Compute attention mask.
Argument/s:
inp - used to compute sequence mask.
Returns:
Attention mask.
"""
batch_size = tf.shape(inp)[0]
max_seq_len = tf.shape(inp)[1]
flat_seq_mask = Masking(mask_value=0.0).compute_mask(inp)
seq_mask = self.merge_masks(tf.expand_dims(flat_seq_mask, axis=1), tf.expand_dims(flat_seq_mask, axis=2))
### HERE !!! ###
causal_mask = self.lower_triangular_mask([1, max_seq_len, max_seq_len]) if self.causal else None
################
logical_mask = self.merge_masks(causal_mask, seq_mask)

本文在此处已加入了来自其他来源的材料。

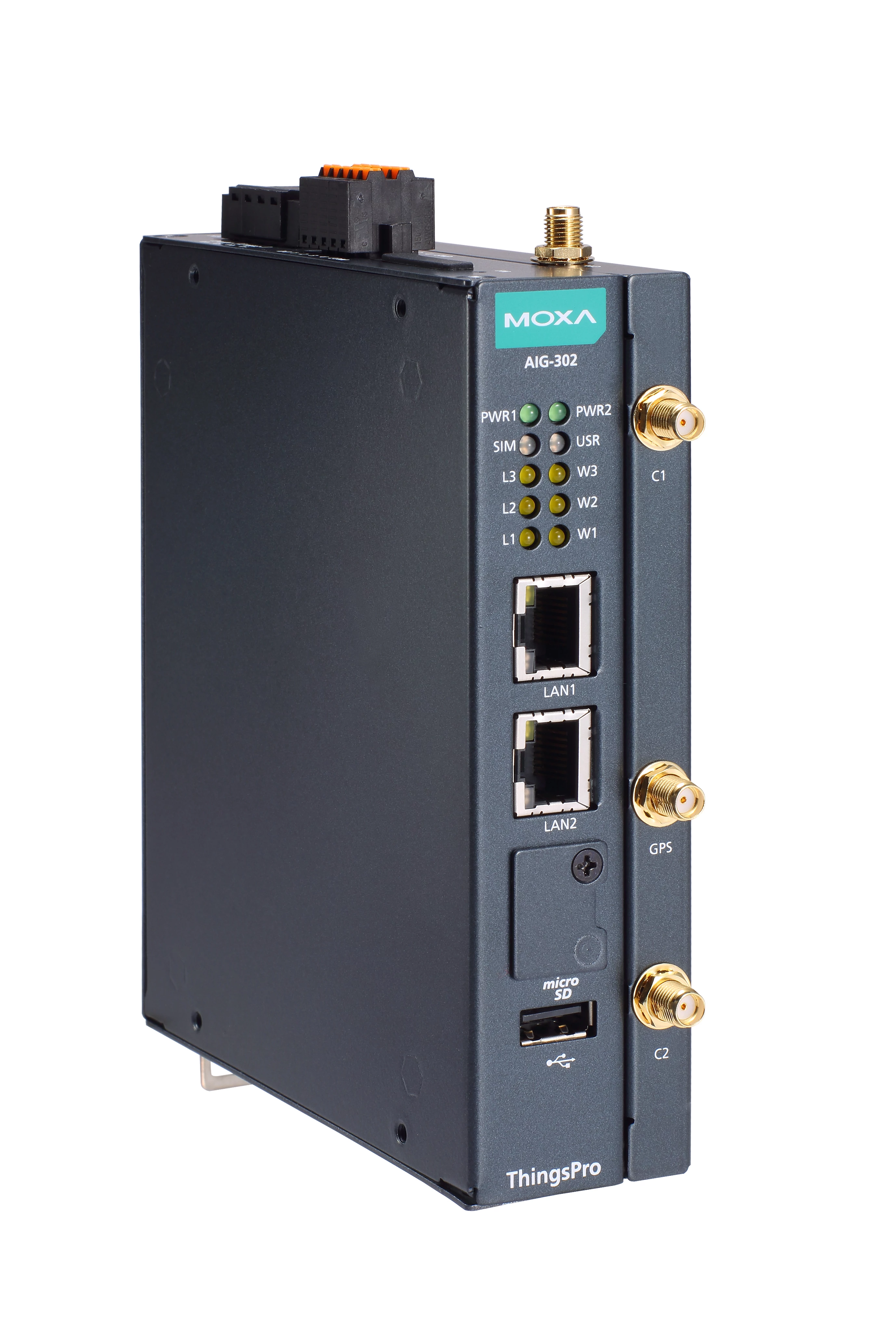Moxa AIG-302-T-AZU-LX 2 portos Modbus RTU/ASCII/TCP – MQTT és Azure felhő-kapcsolatra kész gateway, Arm® Cortex™-A7 kétmagos, 1 GHz-es processzorral, Azure IoT Edge szoftverrel, -40 és 70 °C közötti működési hőfoktartomány.
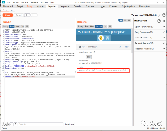 查询数据库的表名,payload:union select 1,group_concat(table_name)from information_schema.tables where table_schema='pikachu'
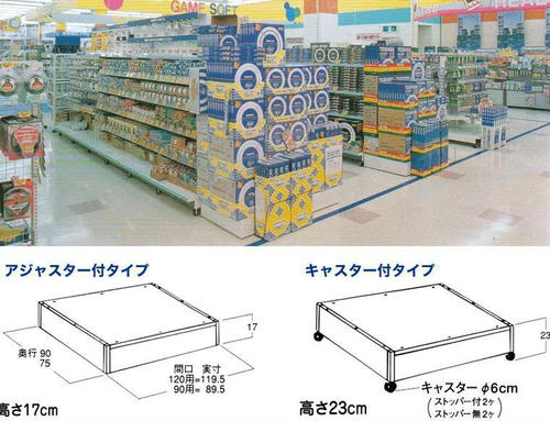 で、「ステージ」という什器(下画像参照。季節売り場などを展開するときの土台にする、木製やスチール製の平べったいものです。結構重い。)を2枚まとめて担ぎ上げ、自分の身長より高い場所に核の言うしようとしていました。
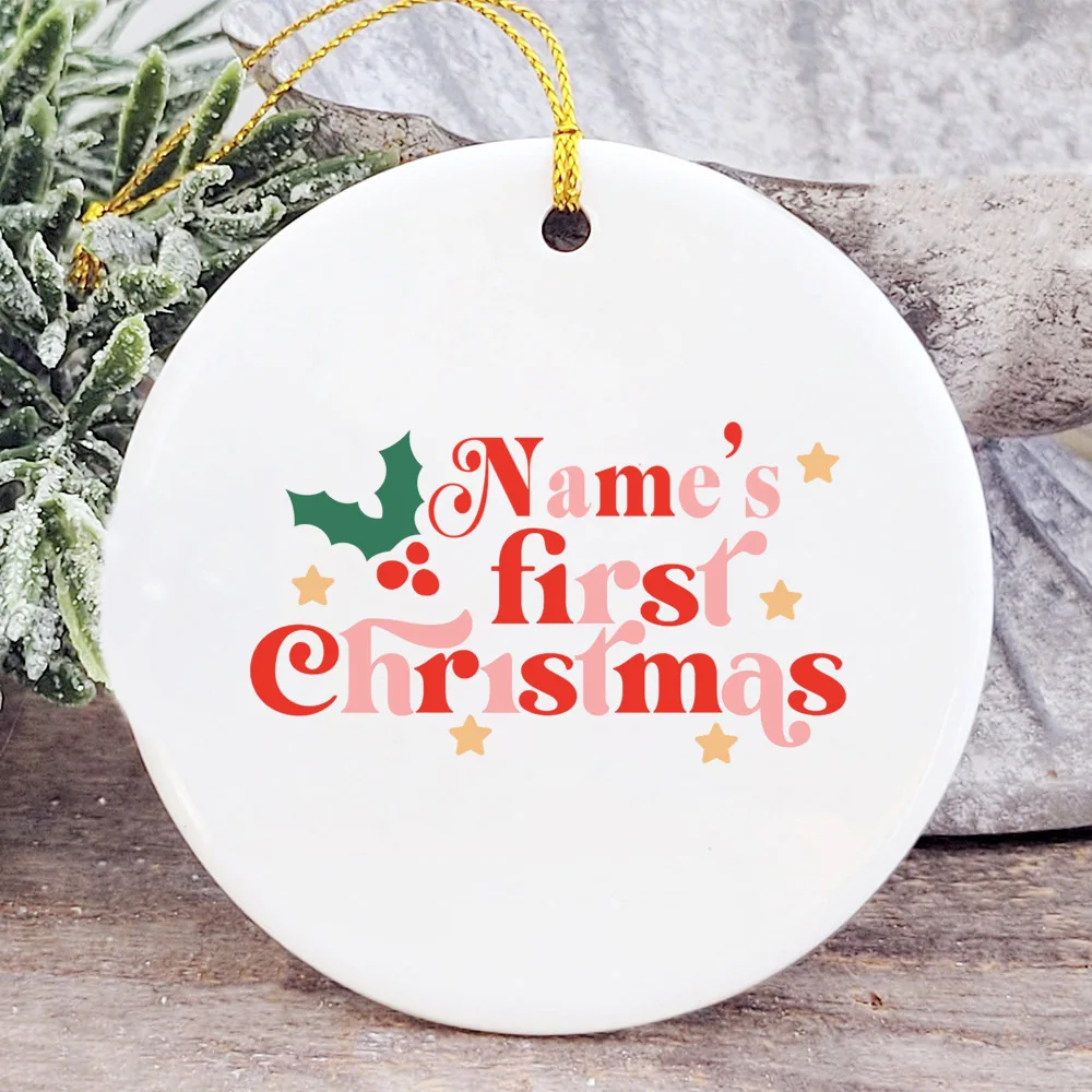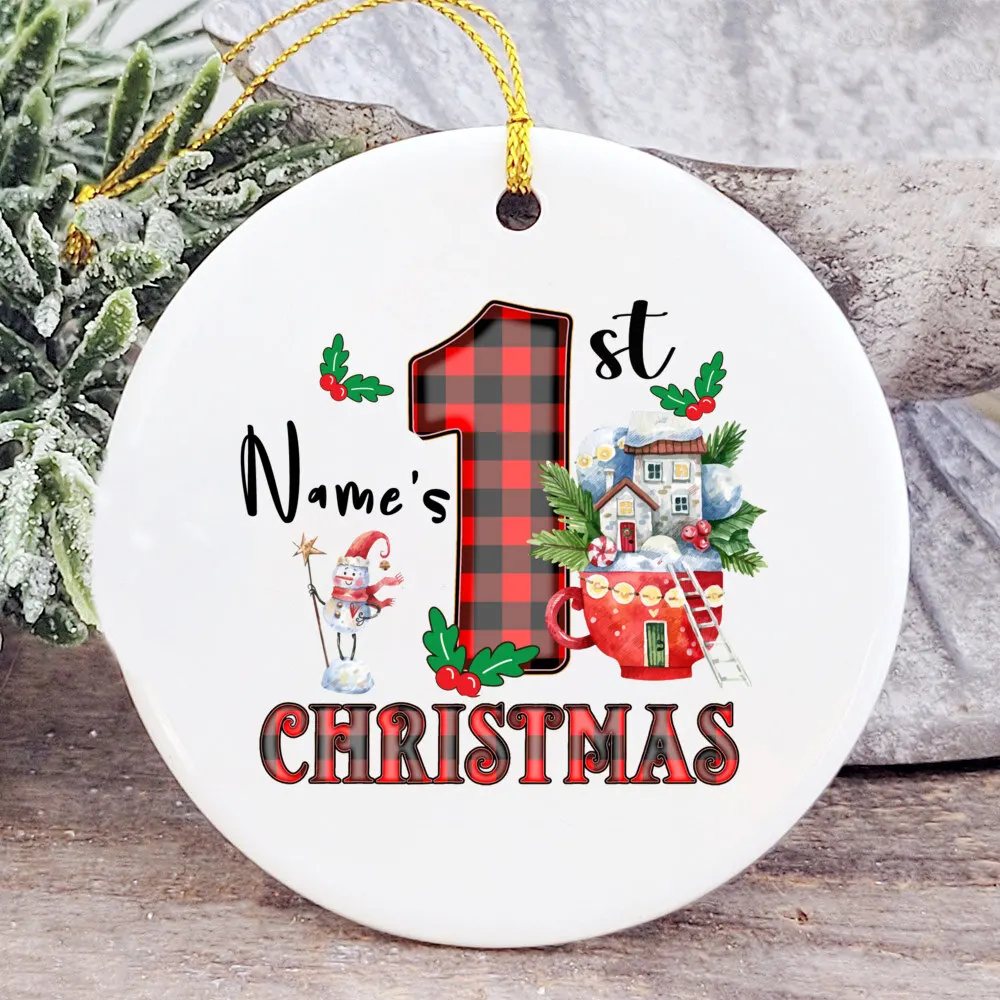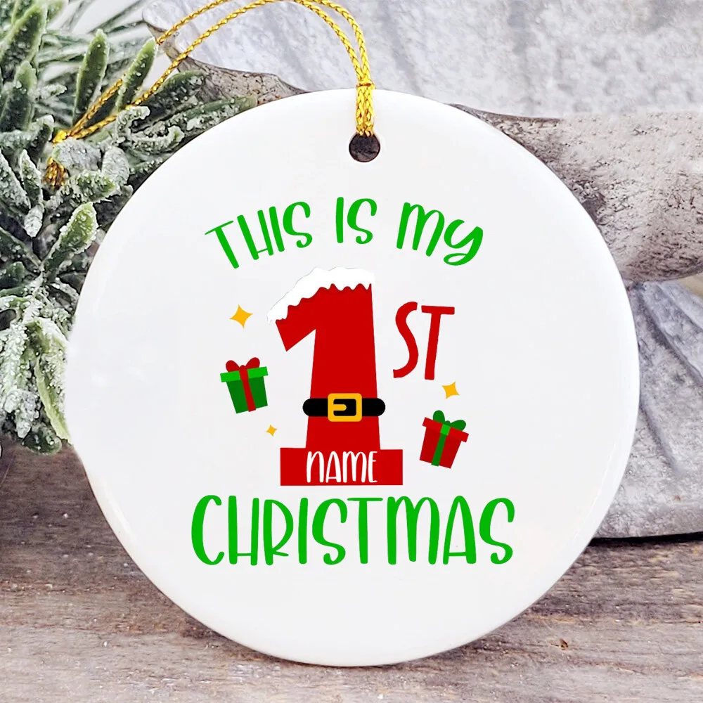 Adorno Navideño Personalizado para Bebé, Accesorio de Primera Foto Navideña, Regalo de Recuerdo, Adorno de Cerámica Infantil
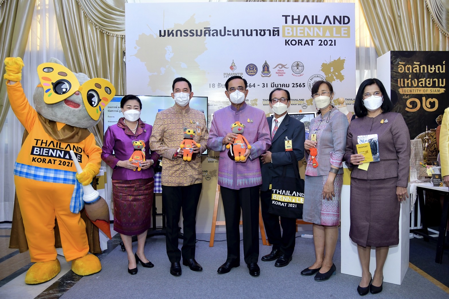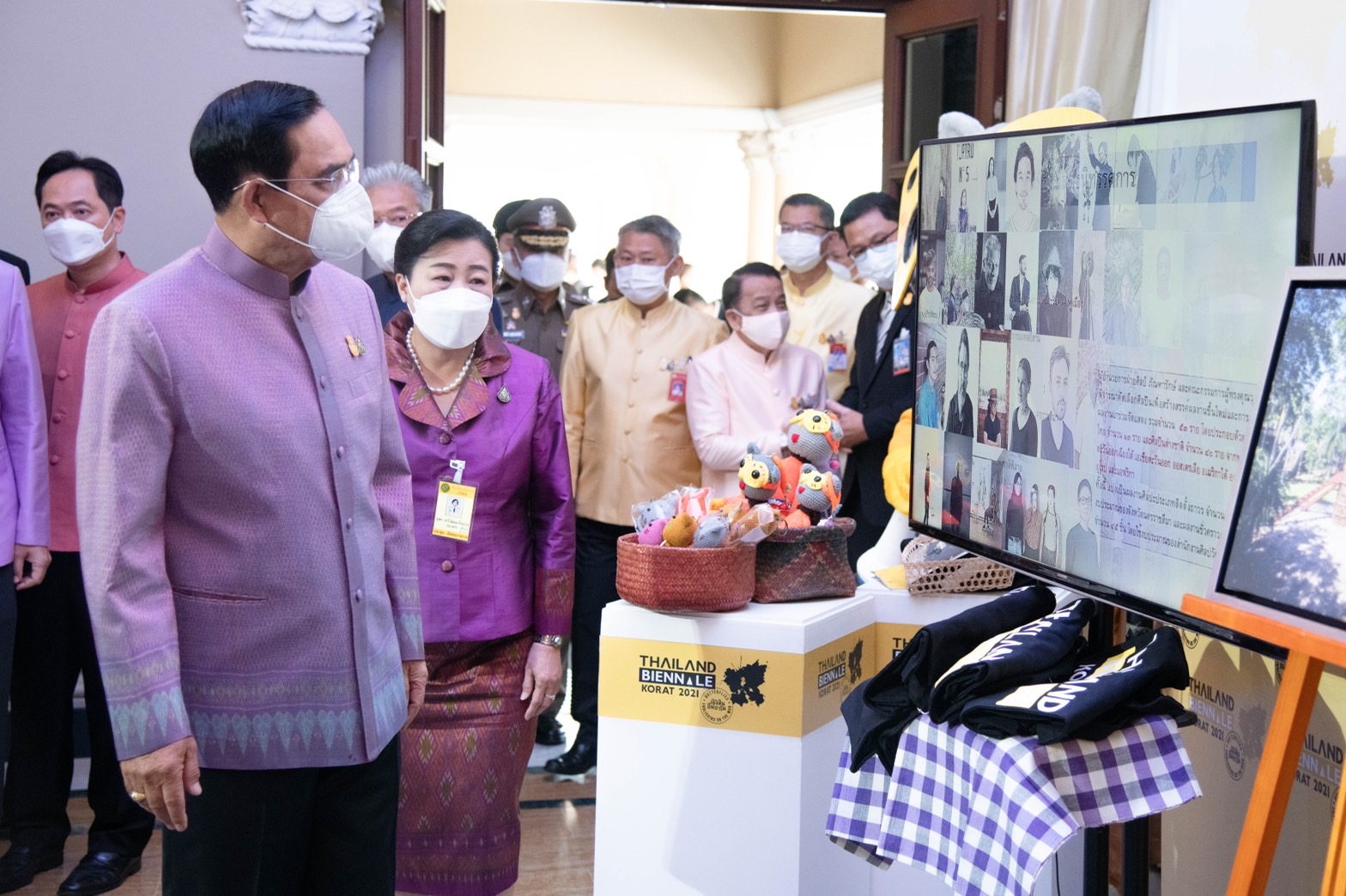 จากนั้น นายกรัฐมนตรีร่วมประชาสัมพันธ์โครงการการแสดงศิลปกรรมร่วมสมัยนานาชาติ Thailand Biennale, Korat 2021 ของกระทรวงวัฒนธรรม โดยระหว่างการเยี่ยมชมเกิดเหตุไฟสปอร์ตไลท์ดับลง เนื่องจากมีผู้ร่วมงานเดินสะดุดปลั๊กไฟ ทั้งนี้ นายกรัฐมนตรีกล่าวชื่นชมการจัดแสดงศิลปกรรมร่วมสมัยนานาชาติ Thailand Biennale, Korat 2021 ว่า เป็นโอกาสดีในการถ่ายทอดศิลปะ หัตถกรรม ภูมิปัญญา ส่งเสริมกระตุ้นเศรษฐกิจระยะยาว ภายหลังมาตรการเปิดประเทศ พร้อมเชิญชวนพี่น้องประชาชนเข้าร่วมชมงานที่จะจัดขึ้นระหว่างวันที่ 18 ธันวาคม 2564 – 31 มีนาคม 2565 ที่จังหวัดนครราชสีมา

unmasked = tf.zeros([batch_size, max_seq_len, max_seq_len])
masked = tf.fill([batch_size, max_seq_len, max_seq_len], self.mask_value)
att_mask = tf.where(logical_mask, unmasked, masked)
seq_mask = tf.cast(seq_mask, tf.float32)
return att_mask, seq_mask
def lower_triangular_mask(self, shape):
"""
Creates a lower-triangular boolean mask over the last 2 dimensions.
Argument/s:
shape - shape of mask.
Returns:
causal mask.
"""
row_index = tf.math.cumsum(
tf.ones(shape=shape, dtype=tf.int32, name="row"), axis=-2)
col_index = tf.math.cumsum(
tf.ones(shape=shape, dtype=tf.int32, name="col"), axis=-1)
return tf.math.greater_equal(row_index, col_index)
def merge_masks(self, x, y):
"""
Merges a sequence mask and a causal mask to make an attantion mask.
Argument/s:
x - mask.
y - mask.
Returns:
Attention mask.
"""
if x is None: return y
if y is None: return x
return tf.math.logical_and(x, y)
2. Causal Mask (with n_backtrce)
即带有n_backtrce的因果mask,继承上面的AttentionMask:
class AttentionMask_Causal_Backtrace(AttentionMask):
"""
Computes attention mask appropriate for tf.keras.layers.MultiHeadAttention.
"""
def __init__(self, causal, n_backtrace=None):
"""
Argument/s:
causal - causal attention mask flag.
n_backtrace - (int) number of backtrace
"""
super().__init__(causal)
self.causal = causal
self.n_backtrace = n_backtrace
def call(self, inp):
"""
Compute attention mask.
Argument/s:
inp - used to compute sequence mask.
Returns:
Attention mask.
"""
batch_size = tf.shape(inp)[0]
max_seq_len = tf.shape(inp)[1]
flat_seq_mask = Masking(mask_value=0.0).compute_mask(inp)
seq_mask = self.merge_masks(tf.expand_dims(flat_seq_mask, axis=1), tf.expand_dims(flat_seq_mask, axis=2))
### HERE !!! ###
causal_mask = self.lower_triangular_mask([batch_size, max_seq_len, max_seq_len]) if self.causal else None
bt_mask = self.backtrace_mask([1, max_seq_len, max_seq_len]) \
if self.causal and self.n_backtrace else None
################
logical_mask = self.merge_masks(causal_mask, seq_mask)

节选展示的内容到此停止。